February 26th, 2021
Toward a Pedagogical Shift
“If we teach today’s students as we taught yesterday’s, we rob them of tomorrow.”
— One summation of philosopher John Dewey
The Why can’t I just Google it? Problem
Imagine seeing a patient with symptoms you suspect mighty be the result of a medication side effect. But you’ve forgotten the mechanism of action of this medication. You left your pocket pharmacology book at home, and the hospital library is 15 minutes away. There are no pharmacists on the wards for you to consult. I imagine there was a time when memorization in medicine was crucial. I am not saying it isn’t now, but I propose that it is less so. In less than 1 second, Google can tell me the mechanism of action of any medication. By conceding that the availability of lightning-fast information at our fingertips is an argument against memorization, are we doing a disservice to our learners?
Pedagogical shift, proposal 1: Let’s teach our learners how and when to appropriately utilize modern, web-based tools. More importantly, let’s teach them why it is still important to engage in some memorization instead of always reverting to “Why can’t I just Google it?” If you’ve ever run a Code Blue, you know there are times when your memory must serve you under extreme pressure. I would like to see medical education emphasize the why instead of the what. Any modern learner can Google the what (i.e., what is the mechanism of action of labetalol?). So let’s set aside testing learners’ memories and instead re-allocate time to teach them why a master clinician chooses labetalol instead of another agent.
USMLE is already moving toward making Step 1 Pass/Fail; many medical schools are shifting to a longitudinal curriculum. As someone who has come from “bench to bedside” and now is arriving back at “the bench” for ongoing enhancement of my understanding of pathophysiology, I wish I would have been taught with the above lens.
The I don’t have time Problem
Residents of today have quite a bit asked of them! Pre-round efficiently, present that data flawlessly, tend to sick patients, admit new patients, run family meetings, discharge patients (ideally before 11AM), write your notes quickly but without copy forward so the attending can co-sign, and sign-out in a timely manner so you don’t break duty-hour restrictions. All this, along with the added pressure of attending educational conferences and reading about patients. It’s hard. I worry that the residents (and the perceived “cheap labor” they provide) have been misappropriated to doing more and more. Is there a way for residents to see a similar volume of patients but re-allocate their limited duty hours back to being learners?

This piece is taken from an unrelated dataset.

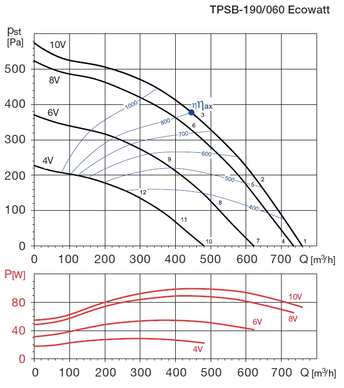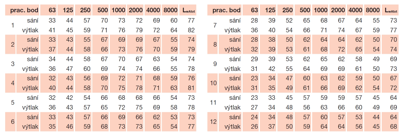 * sání/výtlak, měřeno ve vzdálenosti 3 m s připojeným potrubím v bodech 2, 5, 8 a 11 na výkonové křivce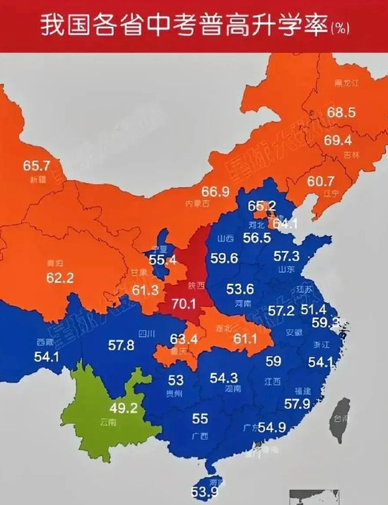 我國各省中考普高升學(xué)率,大家發(fā)現(xiàn)沒有,北方省份中考普高升學(xué)率普遍高于60%,而南方省份普高升學(xué)率普遍低于60%。

Pedagogical shift, proposal 2: Let’s challenge our learners to practice mental dexterity. With the ubiquity of workstations on wheels in many hospitals, is a model of “discovery rounds” better? Here, time typically spent pre-rounding can be spent at the bedside, reading about illnesses, and prepping the rest of the afternoon for success. This model may be more difficult for junior learners (medical students and interns), as it requires one to synthesize data quickly, assess the patient’s condition, and derive a plan. For senior residents, this may be the necessary way forward for critical clinical reasoning. This method might also help shift the traditional model of data transference (from the pre-rounder to the rest of the group) to one of dialogue.
The Stuck in a routine Problem
Everyone learns differently — some visually, some aurally, and some in a tactile manner. One of my favorite education philosophers is Paolo Freire. In his Pedagogy of the Oppressed, he writes, “education is suffering from narration sickness.” It is not by pretending we are empty vessels to be filled with medical knowledge that one becomes the type of provider they want to be; but rather by experiential learning through a growth mindset and empathetic dialogue will we become our best physician self. That’s a bunch of fancy words to say, as a chief, I notice a decline in enthusiasm toward attending educational opportunities and wonder why this is the case? What changes would the learners prefer?
Pedagogical shift, proposal 3: Let’s bring back the joy of teaching and learning. Celebrate being wrong in a safe space and use a dialogical and interactive model of teaching rather than narration. This has been a priority for me and my co-chiefs this year. We even created a “Stump the Chiefs” conference to get in the hot seat ourselves — which you can find on our YouTube channel. Why not try “reverse-pimping” while you’re on the wards? Here, the learners ask questions of the attending to determine how he or she catalogs a patient’s presentation and how a treatment plan is developed. It is our duty to keep our learners engaged. It’s time to get creative, pique some curiosity, and make learning fun again!
Let us no longer rob our students of tomorrow.